● Data extract:
--------------------------------------------------
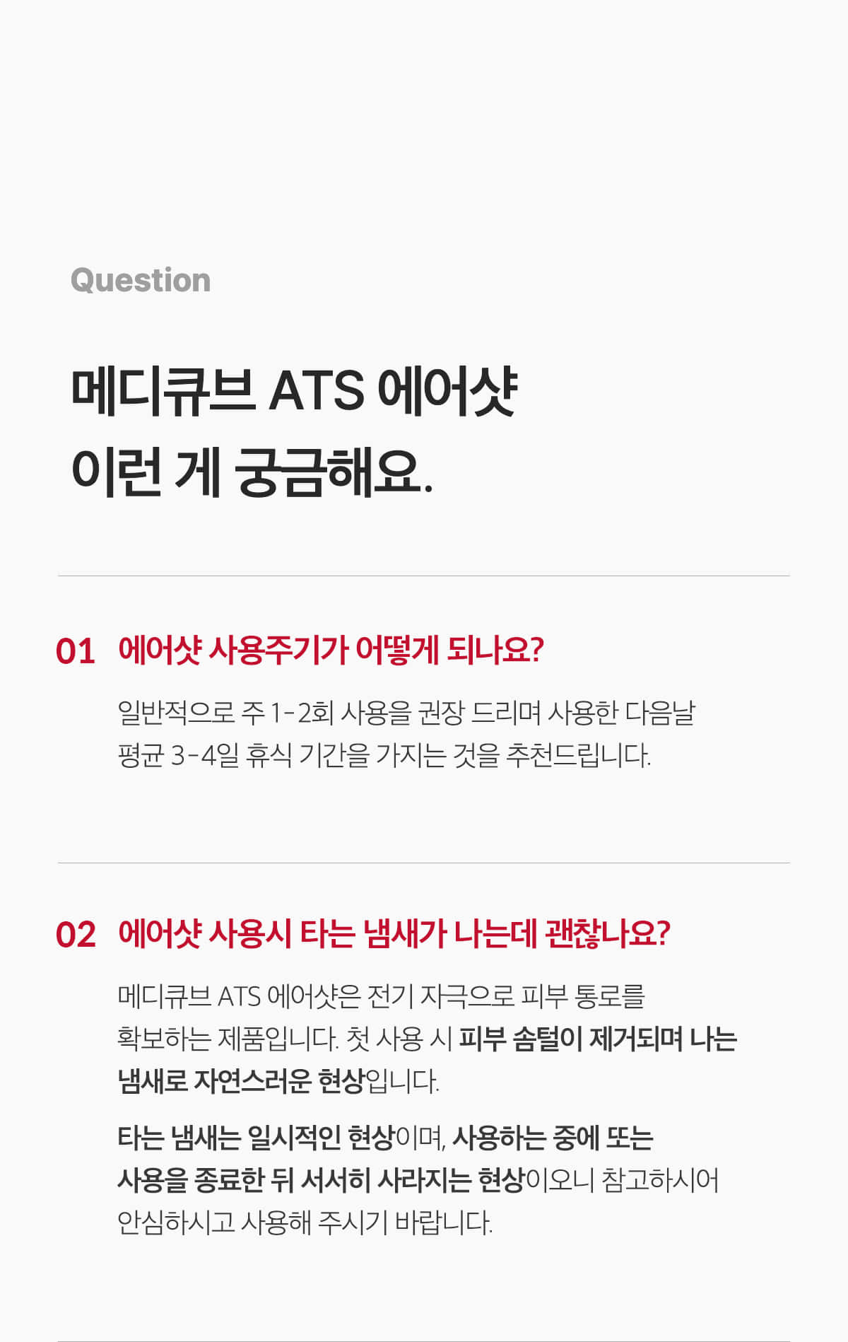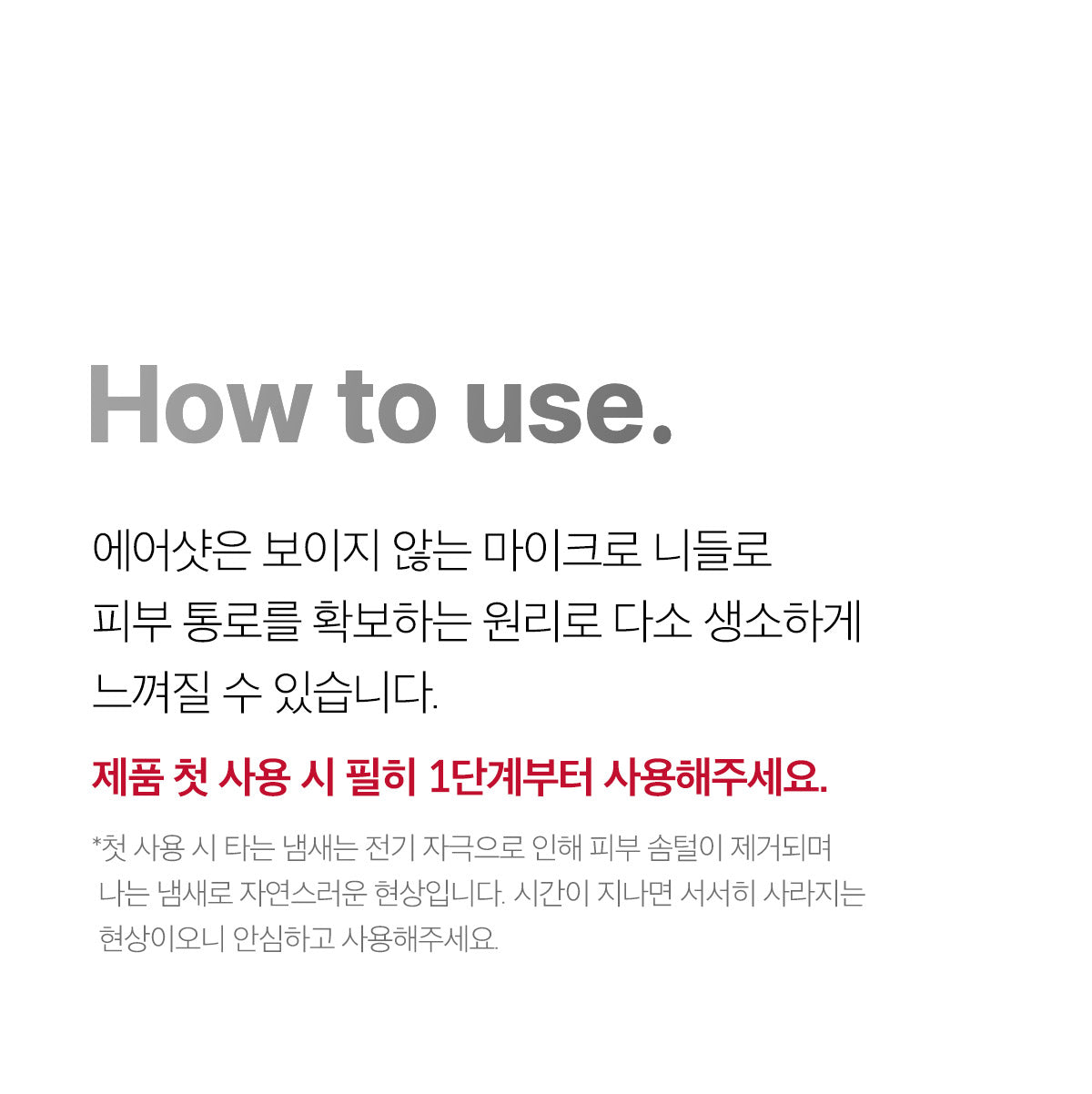 – When using the product for the first time, be sure to start from step 1. The smell of burning at the time of first use is a natural phenomenon that occurs when hairs are removed from the skin due to electrical stimulation. It will gradually disappear over time, so please use it with confidence.
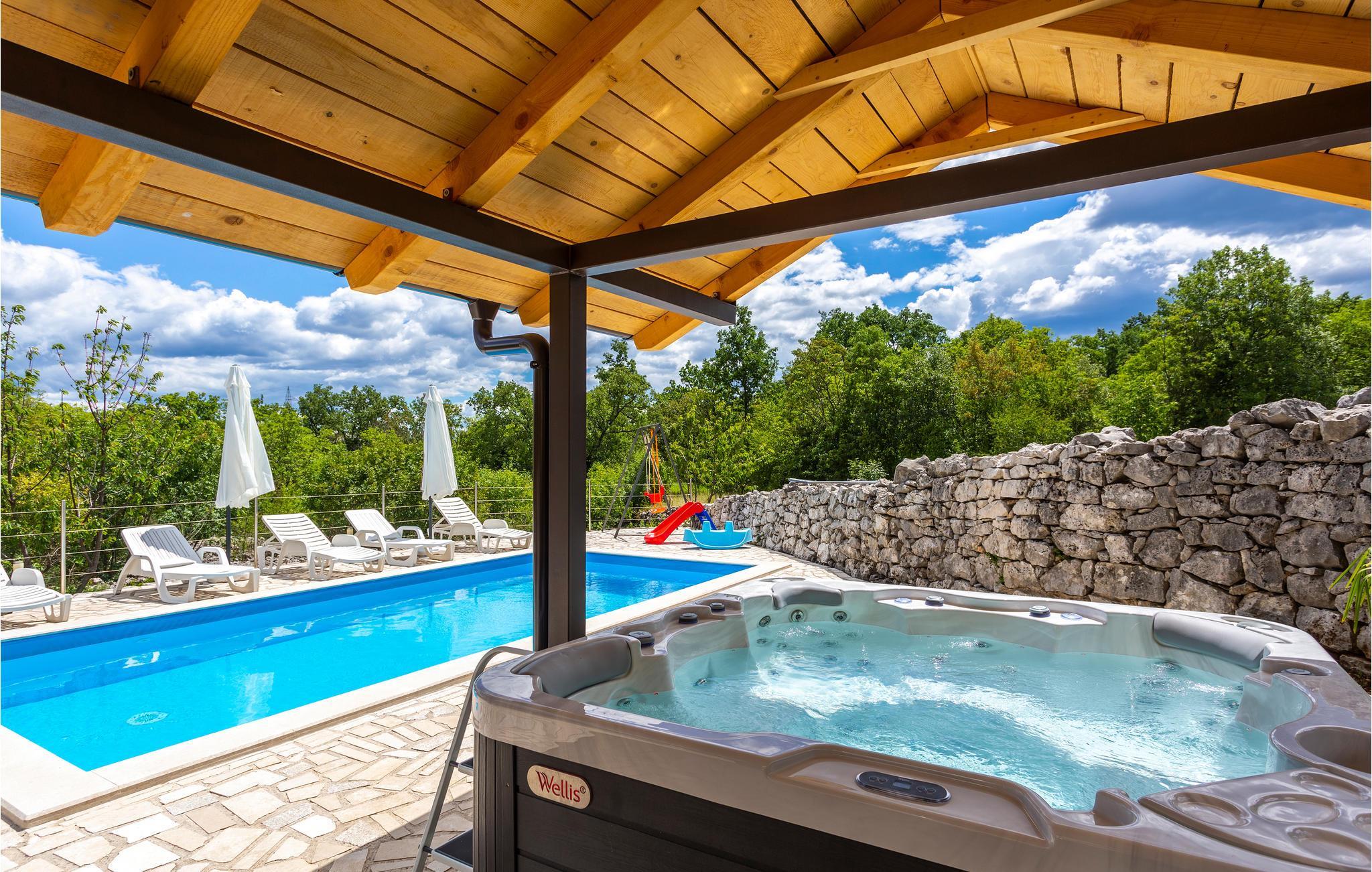Über der bezaubernden Bucht von Kvarn, in der Nähe von einem idyllischen Wald, liegt dieses kleine Ferienhaus mit Swimmingpool.
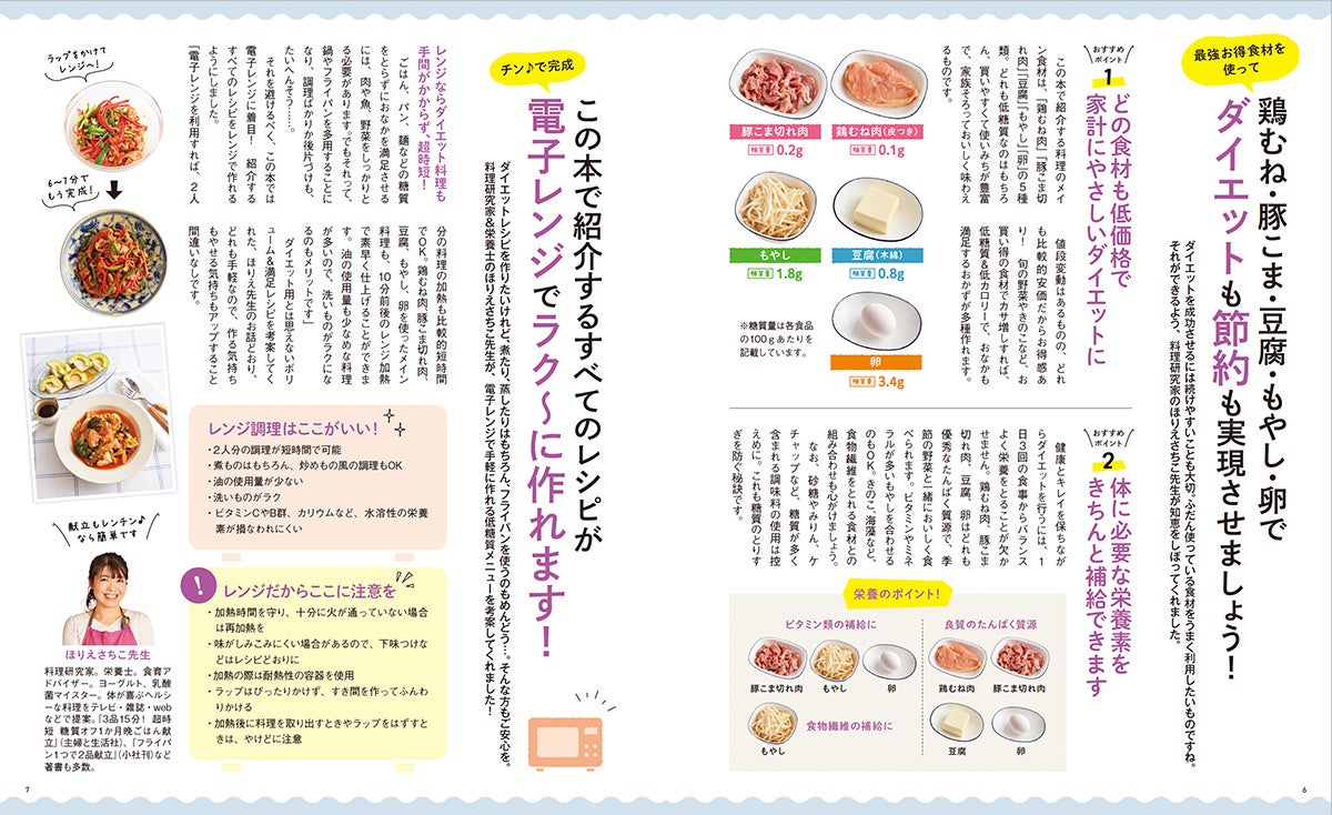 本書ではお買い得食材の「鶏むね肉」「豚こま切れ肉」「豆腐」「もやし」「卵」を活用し、レンジ調理で簡単においしく作れる糖質オフのおかずレシピを紹介します。主菜も副菜も汁物も作れるから、献立にできて満足度も栄養バランスも満点。ひと目でわかるアイコンがついているので、おかず選びに迷わず作れます。
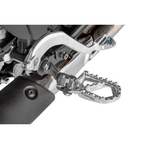 Тонкая конструкция и скругленный вверх внешний край подножки позволяют увеличить высоту клиренса, что является значительным преимуществом во время поездок по длинным и глубоким колеям по сравнению с обычными подножками мотоциклов эндуро и стандартными изделиями. Монтажные крепления модели Works были усилены, обеспечивая максимальную устойчивость к механическому воздействию. Кроме того, подножка очень хорошо смотрится. Нержавеющая сталь, прошедшая пескоструйную
--------------------------------------------------
● Goal of the exercise: With images left out, the data must be transcribed exactly.

● Exercise solution:
 – When using the product for the first time, be sure to start from step 1. The smell of burning at the time of first use is a natural phenomenon that occurs when hairs are removed from the skin due to electrical stimulation. It will gradually disappear over time, so please use it with confidence.
Über der bezaubernden Bucht von Kvarn, in der Nähe von einem idyllischen Wald, liegt dieses kleine Ferienhaus mit Swimmingpool.
 本書ではお買い得食材の「鶏むね肉」「豚こま切れ肉」「豆腐」「もやし」「卵」を活用し、レンジ調理で簡単においしく作れる糖質オフのおかずレシピを紹介します。主菜も副菜も汁物も作れるから、献立にできて満足度も栄養バランスも満点。ひと目でわかるアイコンがついているので、おかず選びに迷わず作れます。
 Тонкая конструкция и скругленный вверх внешний край подножки позволяют увеличить высоту клиренса, что является значительным преимуществом во время поездок по длинным и глубоким колеям по сравнению с обычными подножками мотоциклов эндуро и стандартными изделиями. Монтажные крепления модели Works были усилены, обеспечивая максимальную устойчивость к механическому воздействию. Кроме того, подножка очень хорошо смотрится. Нержавеющая сталь, прошедшая пескоструйную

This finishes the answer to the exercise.